Thursday, July 16, 2009

Primordial Lithium Problem

A Bitter Pill: The Primordial Lithium Problem Worsens
The lithium problem arises from the significant discrepancy between the primordial 7Li abundance as predicted by BBN theory and the WMAP baryon density, and the pre-Galactic lithium abundance inferred from observations of metal-poor (Population II) stars. This problem has loomed for the past decade, with a persistent discrepancy of a factor of 2--3 in 7Li/H.

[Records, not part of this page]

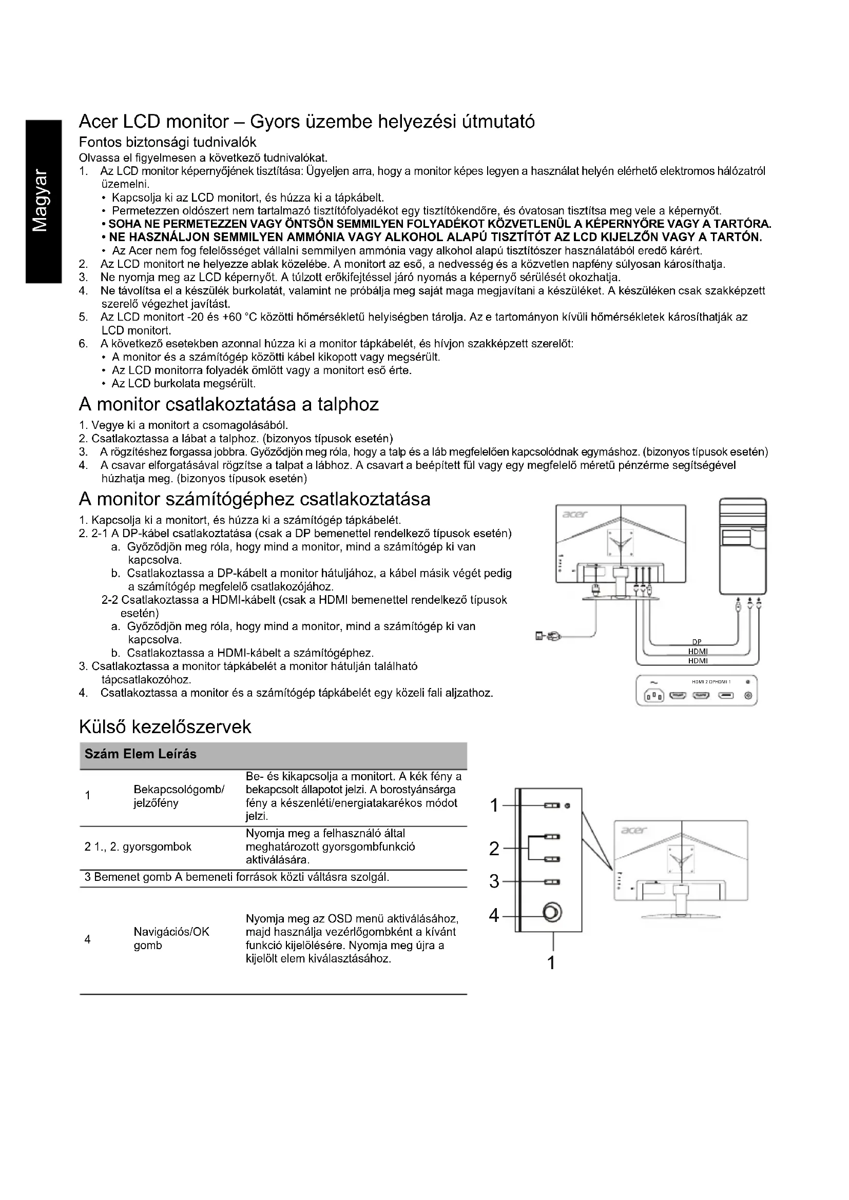 HASZNÁLATI ÚTMUTATÓ KG272U ACER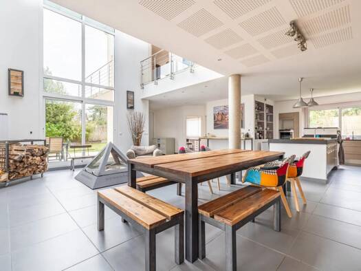Découvrez cette maison d'architecte exceptionnelle de 10 pièces, offrant une surface habitable de 270 m², nichée à Quincy-sous-Sénart. Dès votre entrée, soyez ébloui par le vaste séjour en double hau...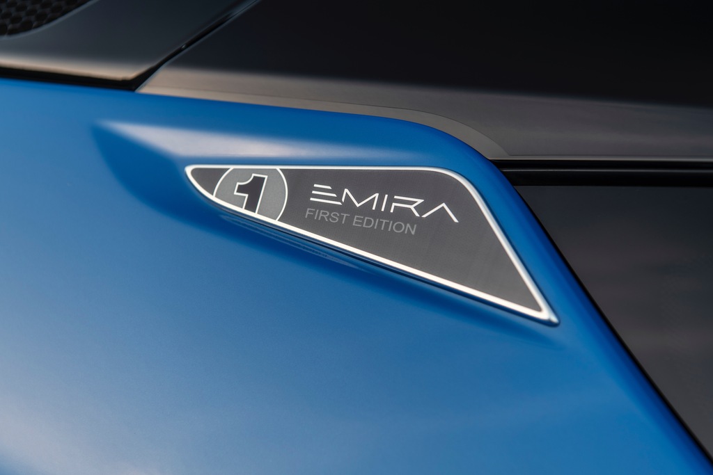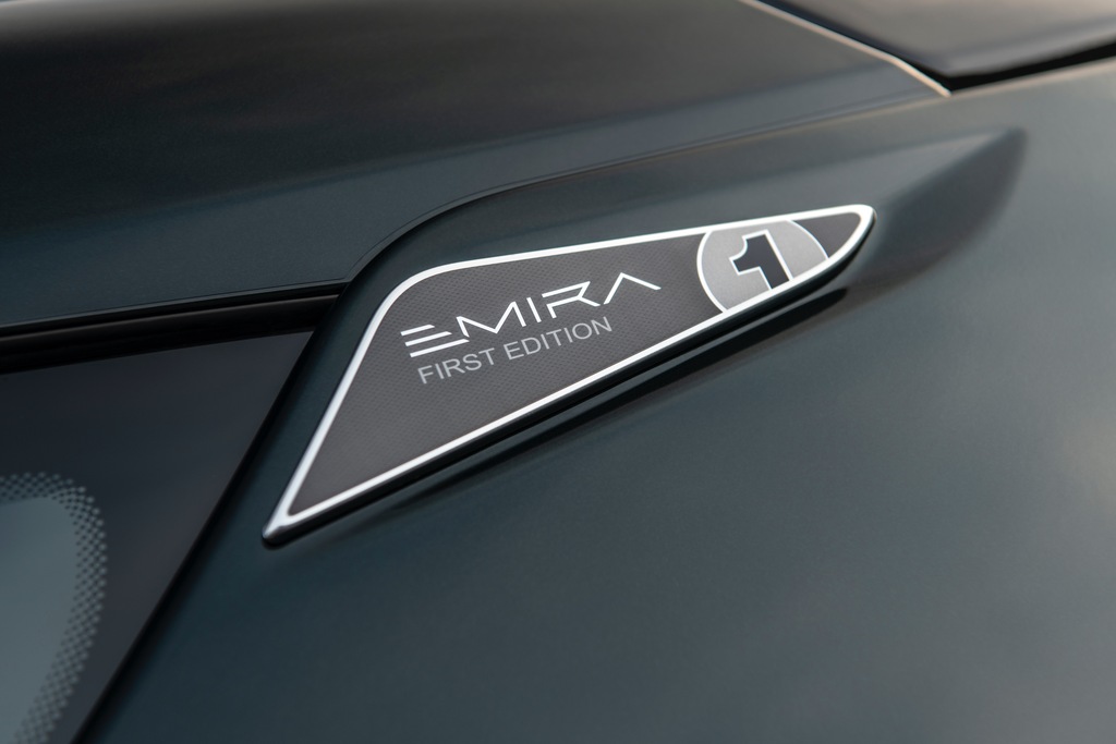 細品Emira V6 First Edition絕色外觀,可見車身下部飾以亮黑色外觀造型套件、直列式Led大燈、Led車尾燈、加熱式電動折疊後視鏡、鈦色排氣管尾飾管及車身C柱旁飾有標示車款名稱的銘牌飾板。寬闊的輪拱則標配有20吋V-Spoke forged alloy V輻輕質鍛造鋁圈,鑽石切割面設計,營造出優質的雙色調飾面,共有銀色及亮黑色可供選擇。帶有品牌字標的兩片式高性能煞車碟盤也是初始版車式的的一環,並外加有胎壓偵測器(TPMS)。外觀漆色並包含多種色彩選擇,如:發表色Seneca Blue藍、Hethel Yellow黃、Dark Verdant綠、Shadow Grey灰等可依車主喜好發揮絕佳創意。

Effect of quark-mass variation on big bang nucleosynthesis
Measurements of the primordial baryon-to-photon ratio
η from the cosmic microwave background from
WMAP [1], coupled with precise measurements of the
neutron half-life [2], have made big bang nucleosynthesis
(BBN) an essentially parameter-free theory [2, 3, 4]. In
this paradigm excellent agreement has been obtained between
predicted and observed abundances of deuterium
and 4He (see, e.g. the Particle Data Group review [2] and
references therin). However there is some disagreement
for 7Li, the only other element for which the abundance
has been measured to an accuracy at which fruitful comparison
with theory can be made. While the “lithium
problem” has been known for some time, it has been exacerbated
by recent measurements of the 3He(α, γ)7Be
reaction [5]. Standard BBN theory with η provided
by WMAP 5 overproduces 7Li by a factor of 2.4 – 4.3
(around 4 – 5σ) [4].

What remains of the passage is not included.